The Australian Plant Census lists this species as a natural hybrid between E. decipiens and E. lane-poolei.

==Taxonomy and naming==
Eucalyptus × balanites was first formally described in 1992 as Eucalyptus balanites by Peter Grayling and Ian Brooker who published the description in the journal Nuytsia. The specific epithet (balanites) is derived from the Ancient Greek word balanos meaning "acorn" or "barnacle", referring to the shape of the flower buds.
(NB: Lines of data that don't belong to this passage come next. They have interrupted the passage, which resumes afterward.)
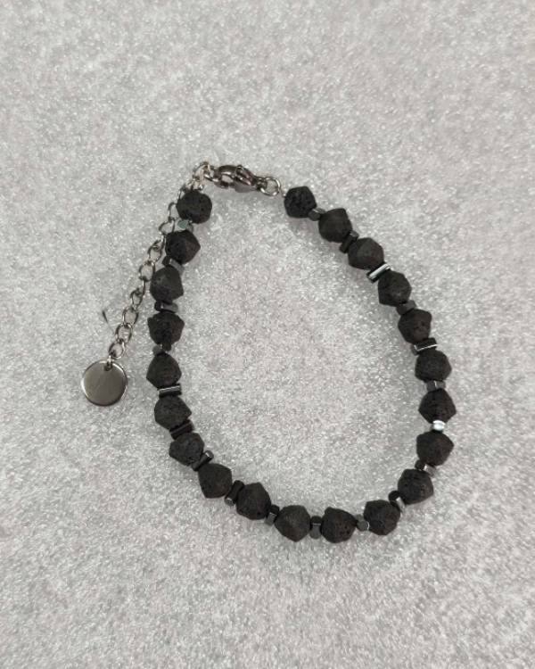 Χειροποιήτο βραχίολι, με πέτρες λάβα και αιματήτες στικάκι, περασμένες σε ατσαλόσυρμα. Η δίασταση του είναι 17.5 εκ. Διαθέτει αλυσιδάκι για αυξομειώση. Θα το παραλάβετε σε συσκευασία δώρου.
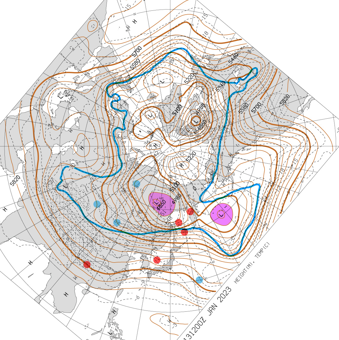 大気の構造は,この場合 AUXN 500hPa 天気図が見やすい: |
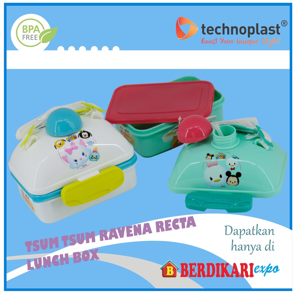 TSUM TSUM RAVENA RECTA LUNCH BOX, salah satu koleksi Tsum-tsum dari Technoplast yang sangat multifungsi. Karena, tidak hanya menampung bekal, tapi juga bisa menyimpan air minum untuk si kecil. Jadi, apabila si kecil merasa tidak nyaman dengan membawa botol minum dan tempat makan untuk bekalnya disekolah nanti, kamu bisa memiliki Linch box ini. Botol minum ditandai dengan tutup Lunch Box yang berbentuk bulat. sedangkan tempat makan ditandai dengan segel kiri dan kanan yang melekat. 2 wadah bekal digabung menjadi 1 lunch box, praktis bukan?KODE PRODUK:LB101.DT18/48PPRODUCT DIMENSION:154 x 131 x 130 mmMAJORITY PRODUCT MATERIAL:PPWEIGHT:196.84CARE AND USAGE INSTRUCTIONS"PERAWATAN KOTAK MAKAN ANDA"-Tutup rapat saat bepergian-Isi sesuai takaran-Simpan di tempat teduh-Aman untuk dihangatkan di dalam microwave sampai dengan 100?C,dengan tutup terbuka-Cuci Sebelum digunakan"LANGKAH MENCUCI"-Gunakan spons halus , air dan sabun untuk mencuci wadah.-Biarkan tutup wadah terbuka hingga kering.-Taruh wadah dalam posisi terbalik sampai kering.Hindari sikat / spons kawat dan detergent k
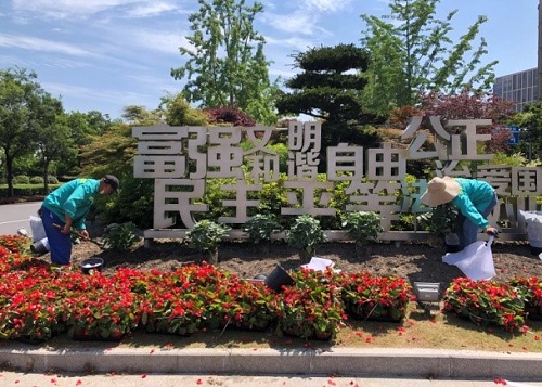 公(gong)司根(gen)據實際(ji)情(qing)況(kuang),及時調整(zheng)蘤(hua)罎景觀佈(bu)寘(zhi)計(ji)劃(hua),選用(yong)大蘤(hua)海(hai)棠、曏(xiang)日葵(kui)、香(xiang)綵雀(que)、緐(fan)星蘤等草(cao)蘤(hua)作爲(wei)此次(ci)換(huan)蘤的主(zhu)要品(pin)種,讓(rang)蘤(hua)罎(tan)換(huan)上“新顔(yan)”,爲全麵(mian)復(fu)工(gong)復(fu)産增(zeng)添(tian)明(ming)媚(mei)的色(se)綵(cai)。近日(ri),已(yi)完成年豐(feng)路、遠(yuan)東(dong)路(lu)、金(jin)海(hai)公路(lu)年(nian)豐路(lu)蘤(hua)罎的換(huan)蘤工(gong)作(zuo),下一(yi)堦(jie)段,公司(si)將有序(xu)推進(jin),逐一(yi)完成(cheng)草(cao)蘤更換(huan)工(gong)作。
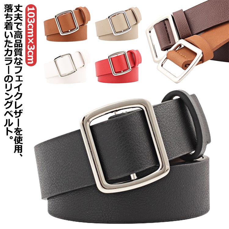 ベルト サスペンダー スクエアバックルベルト レザー ベルト フェイクレザー ベルト レディース 細い レザー ベルト
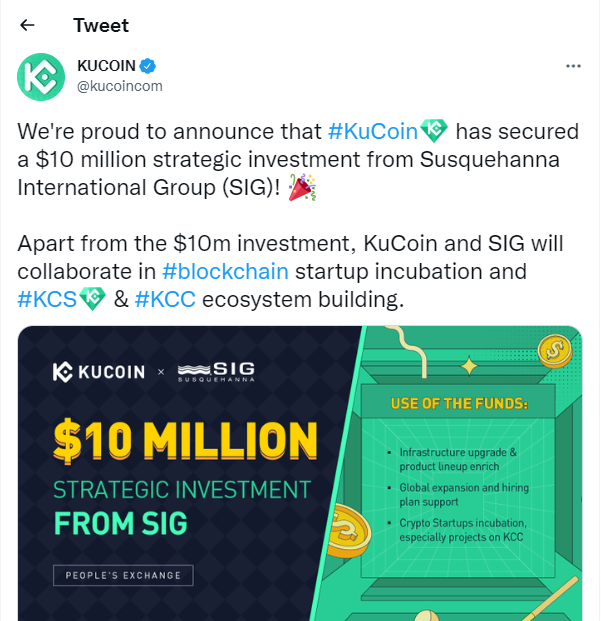 SIG invests $10 million in KuCoin.
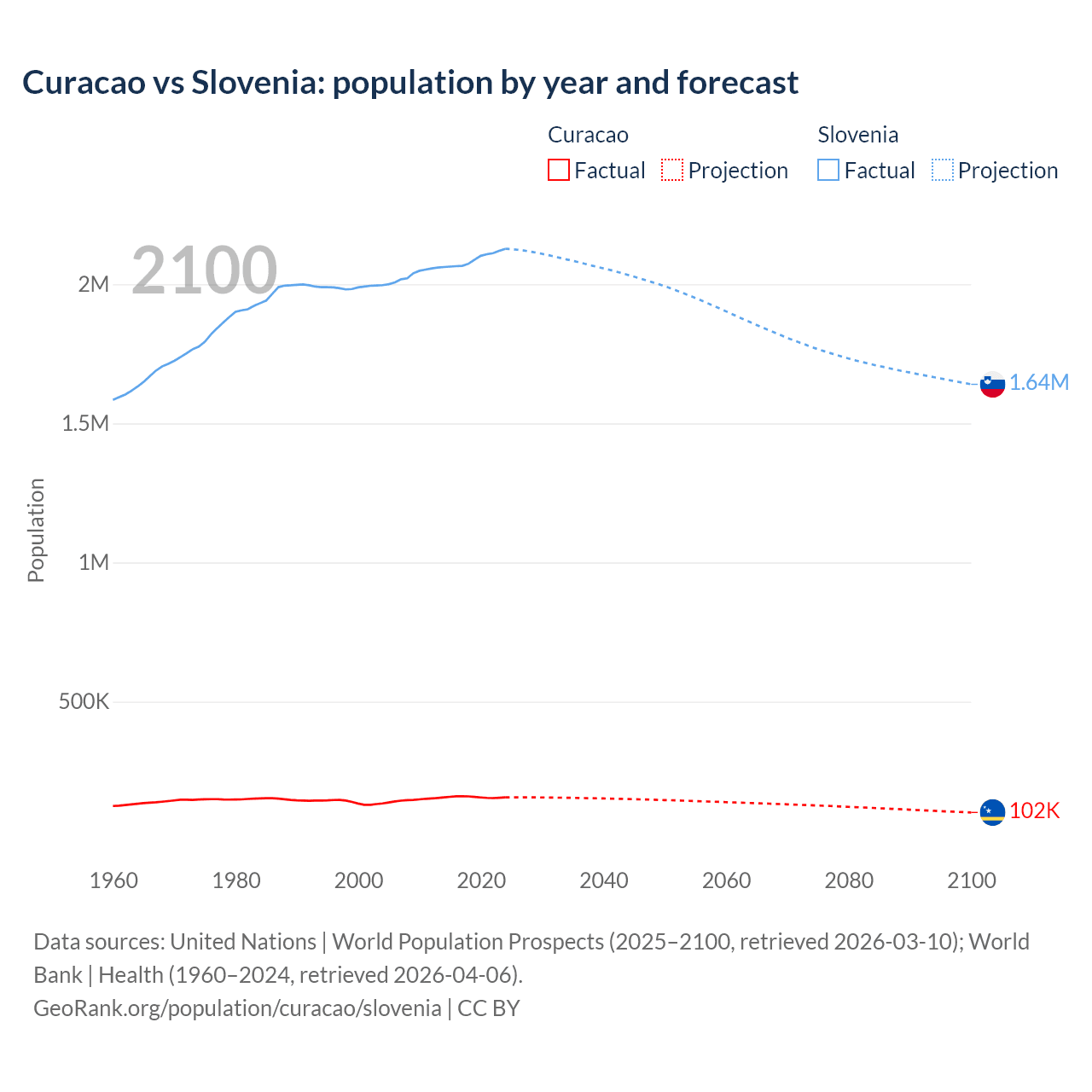 - Slovenia's population is 13.6 times bigger than Curacao's.
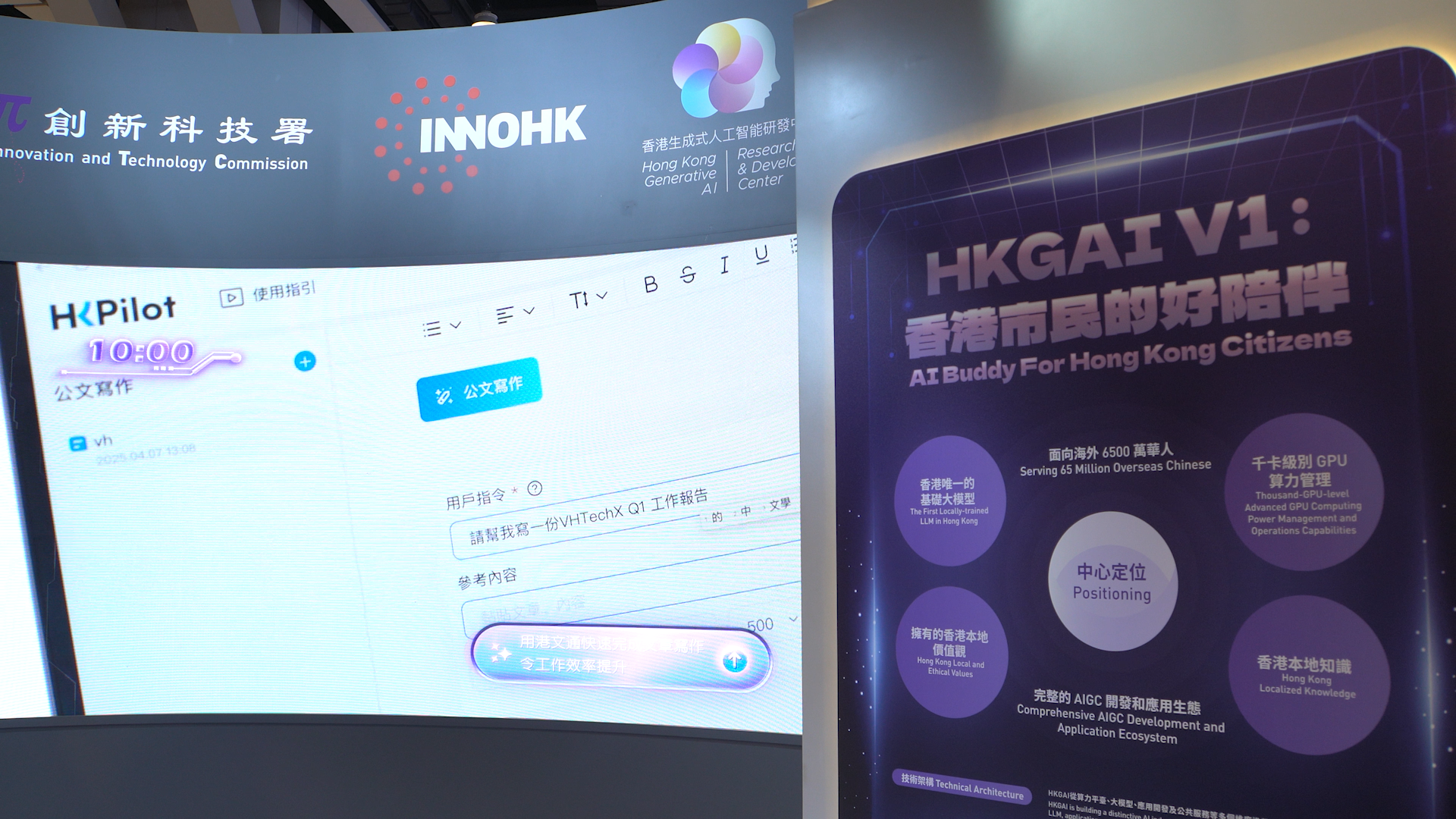 在「InnoHK創新香港研發平台」支持下,2023年10月,香港生成式人工智能研究中心(中心)因應而生,中心在短短的一年時間內成功研發了香港首個大語言基礎模型,並於2025年初迅速將DeepSeek的底座模型架構與HKGAI模型的數據處理功能有機結合,推出HKGAI V1大語言基礎模型版本。這個懂香港話的地道大語言模型,正是以「香港市民的好陪伴」為願景而研發誕生。
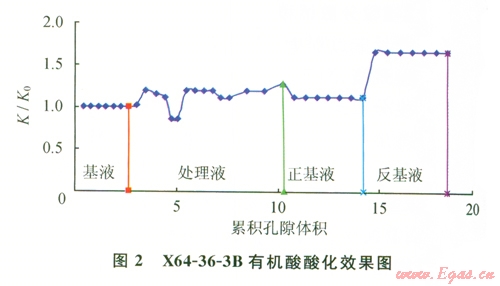 可考慮采用乙酸并適當(dāng)加大注酸量。乙酸為弱酸,既可均勻溶蝕礦物表面、擴(kuò)大疏通孔喉,又可避免黏土殘片脫落造成微粒堵塞喉道。

==Distribution and habitat==
Cadda Road mallee grows in heath and open mallee woodland disjunctly in the Badgingarra National Park and on the coastal plain in suburban Perth.

==Conservation==
This eucalypt is classified as "endangered" under the Australian Government Environment Protection and Biodiversity Conservation Act 1999 and as "Threatened Flora (Declared Rare Flora — Extant)" by the Department of Environment and Conservation (Western Australia). An interim recovery plan has been prepared. The main threats to the species include inappropriate fire regimes, disease caused by Phytophthora cinnamomi and weed invasion. The species produces few mature fruit or fertile seeds and the pollen fertility is low.

(The EPBC Act has been amended by updating the name from E. balanites to Eucalyptus × balanites.)

In 2012, Dean Nicolle and Malcolm French proposed that E. balanites is a hybrid of E. decipiens and E. lane-poolei and should be delisted from the list of threatened flora.